__EXERCISE OBJECTIVE__
Exact copy, pictures excluded: please retype the lines from the start of the material through the line containing "Thrushcross Grange’s uncanny", both ends included, and nothing more.

__DATA EXCERPTS__
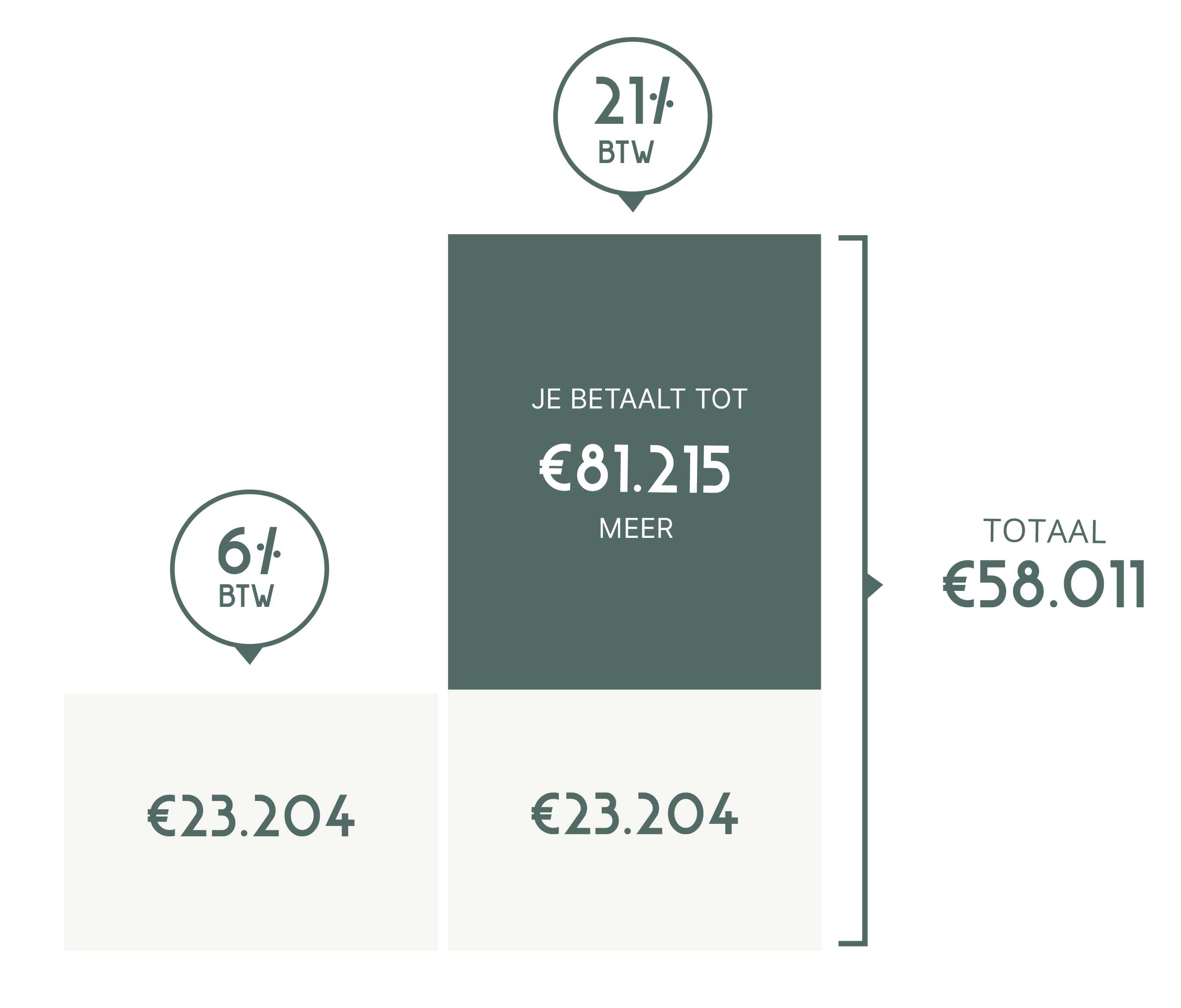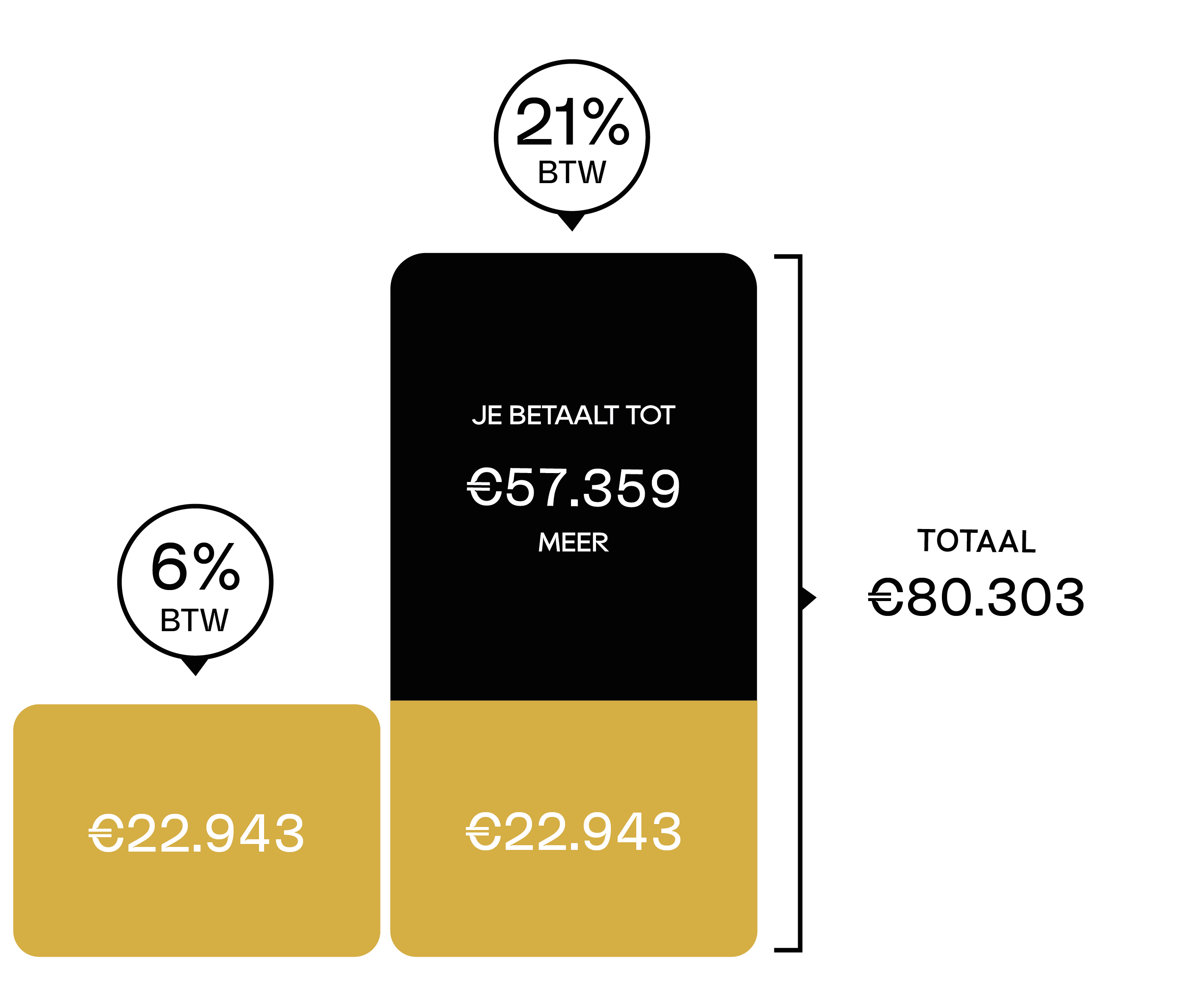 Wat er niet naar btw gaat, kan rechtstreeks naar wat jij belangrijk vindt: afwerking, comfort, en marge. De berekening hiernaast toont wat een concreet en voelbaar verschil dit brengt voor jouw aankoop.
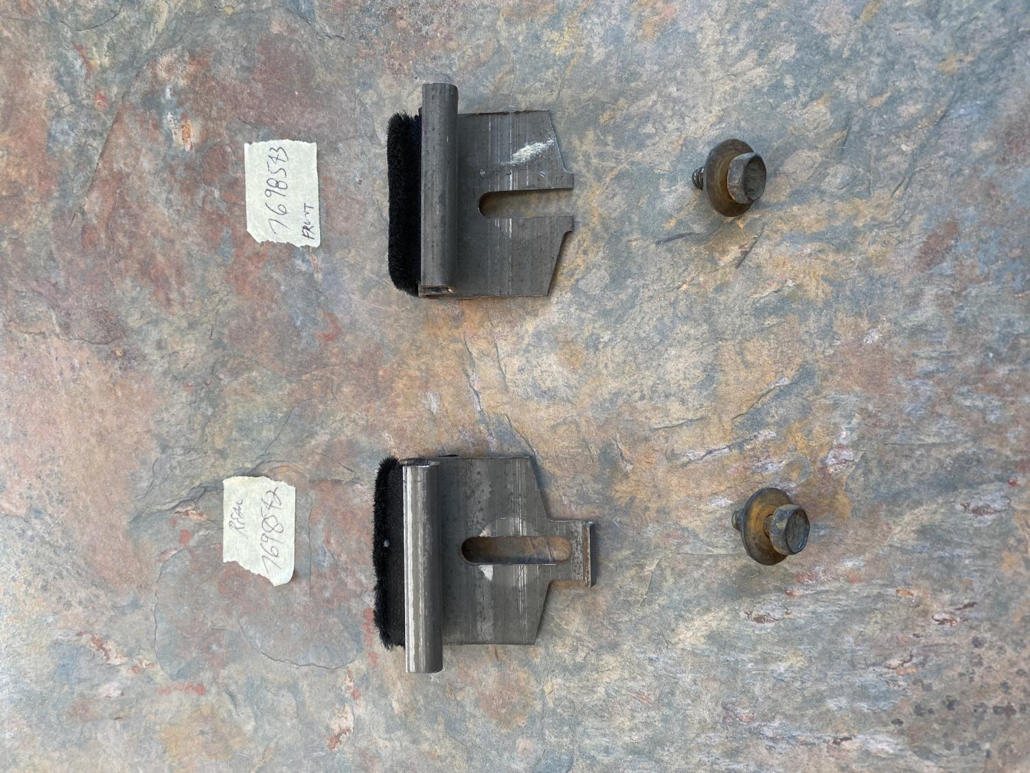 Mint originals removed from a 1969 Camaro over 30 years ago and properly stored. Front #7698543 and rear #7698542. The fuzzy material is perfect. Comes with the two mounting screws. $55 includes shipping. PayPal friends please.
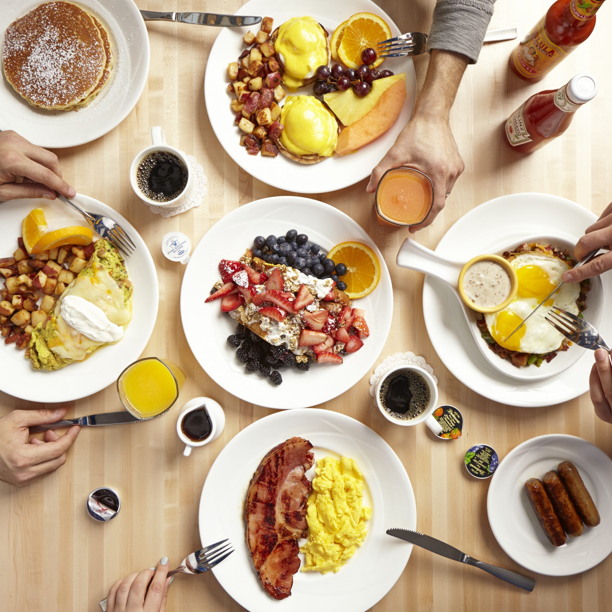 Yolk is best known for brunch. We serve around 5 million eggs a year and that number continues to increase every year. We have savory options like our classic Eggs Benedict, Chicken ‘n’ Waffles or our Corned Beef Hash & Eggs. If you are a sweet breakfast fan you will love out Red Velvet French Toast or Nutella Crepes.
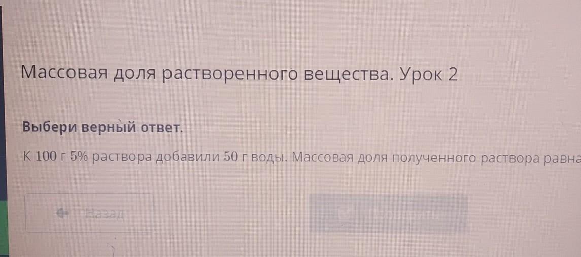 К 100 г 5% раствора добавили 50 г воды. Массовая доля полученного раствора равна
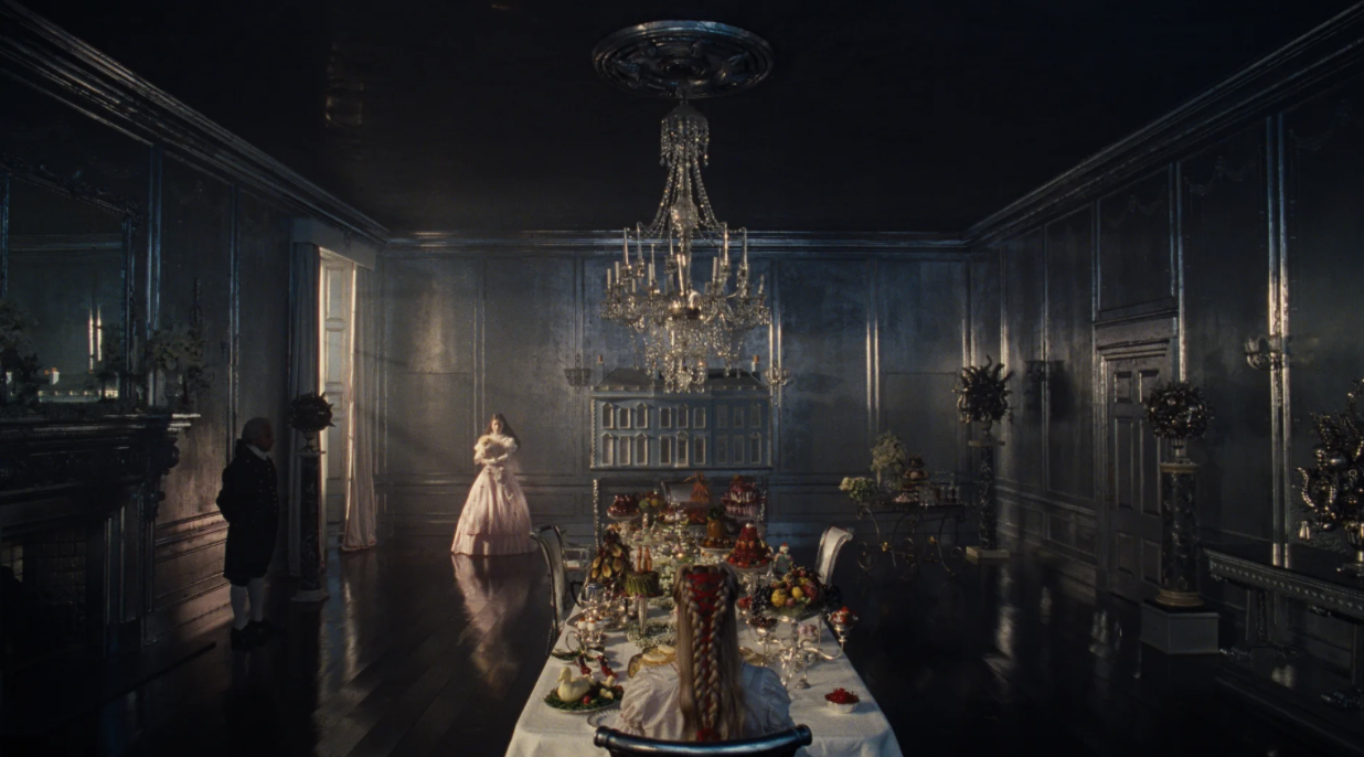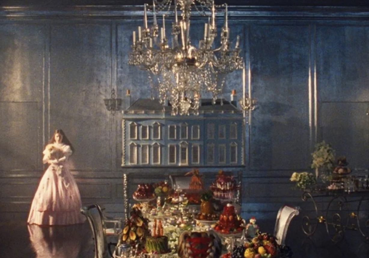 Thrushcross Grange’s uncanny vibe starts with its scale. The house was designed to feel like an expanded dollhouse, making the characters seem slightly diminished in their surroundings, a subconscious cue that something is off. Even its striking blue exterior was chosen to feel out of place against the windswept moors, visually signalling that the Grange doesn’t belong.
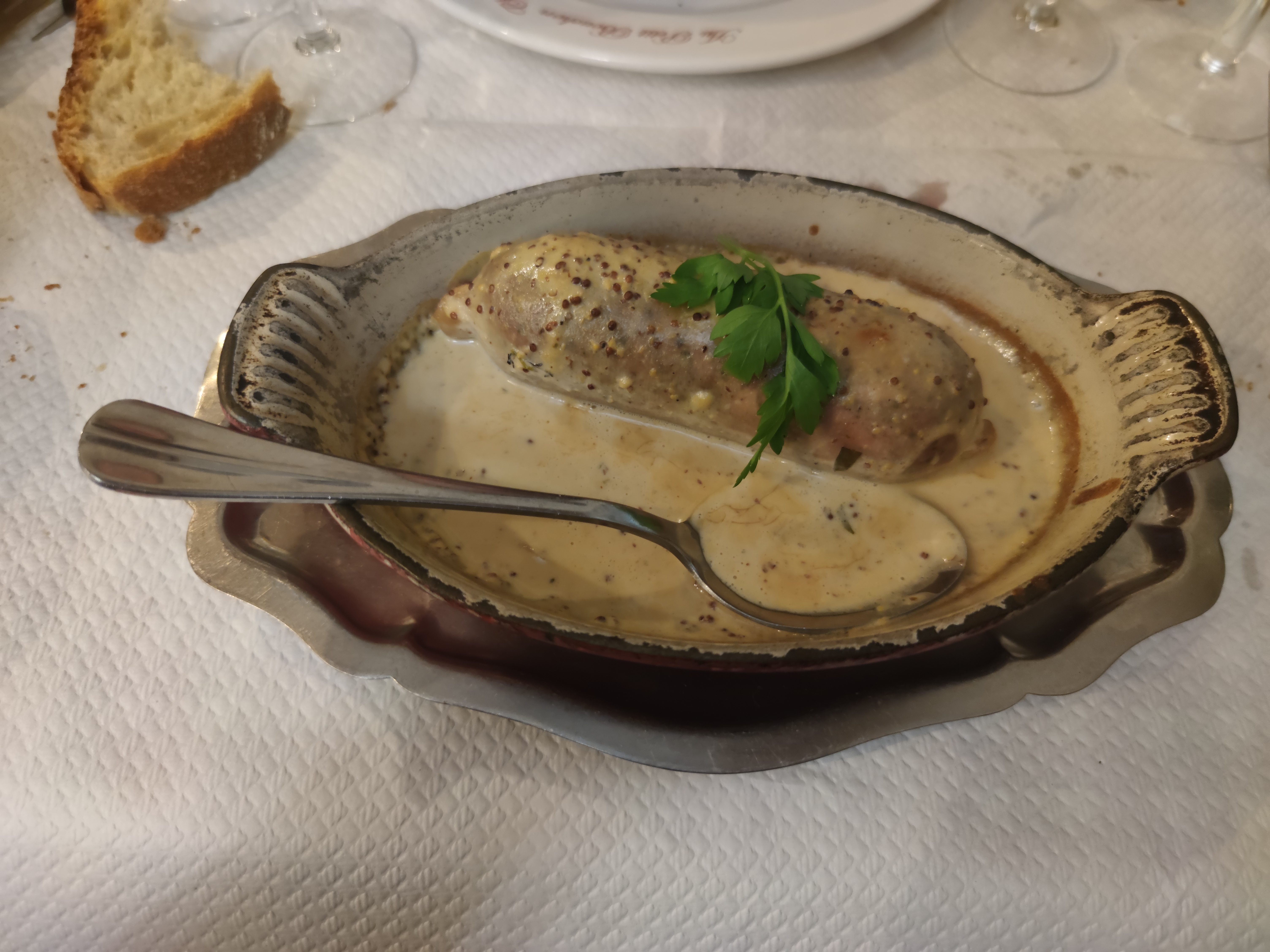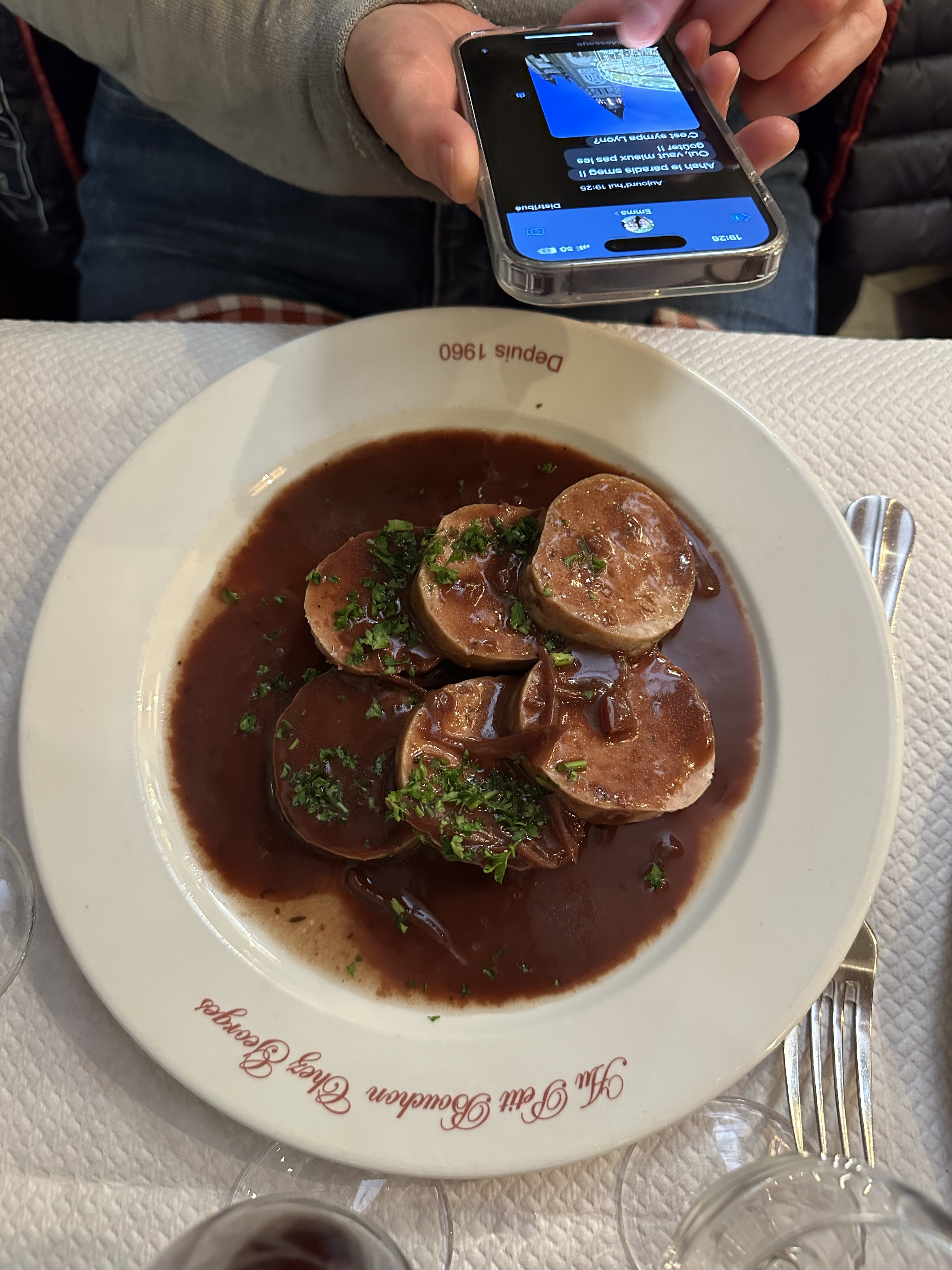 Un os à moelle avec des escargots racornis et un gratin d'andouillette qu'on aurait dû appeler gratin d'oignons à l'andouillette tant il y en avait. Et comme je le craignais une tourista pas possible toute la nuit. Dommage, le service est toujours sympathique mais je n'y retournerai plus.

__RESULT__
 Wat er niet naar btw gaat, kan rechtstreeks naar wat jij belangrijk vindt: afwerking, comfort, en marge. De berekening hiernaast toont wat een concreet en voelbaar verschil dit brengt voor jouw aankoop.
 Mint originals removed from a 1969 Camaro over 30 years ago and properly stored. Front #7698543 and rear #7698542. The fuzzy material is perfect. Comes with the two mounting screws. $55 includes shipping. PayPal friends please.
 Yolk is best known for brunch. We serve around 5 million eggs a year and that number continues to increase every year. We have savory options like our classic Eggs Benedict, Chicken ‘n’ Waffles or our Corned Beef Hash & Eggs. If you are a sweet breakfast fan you will love out Red Velvet French Toast or Nutella Crepes.
 К 100 г 5% раствора добавили 50 г воды. Массовая доля полученного раствора равна
 Thrushcross Grange’s uncanny vibe starts with its scale. The house was designed to feel like an expanded dollhouse, making the characters seem slightly diminished in their surroundings, a subconscious cue that something is off. Even its striking blue exterior was chosen to feel out of place against the windswept moors, visually signalling that the Grange doesn’t belong.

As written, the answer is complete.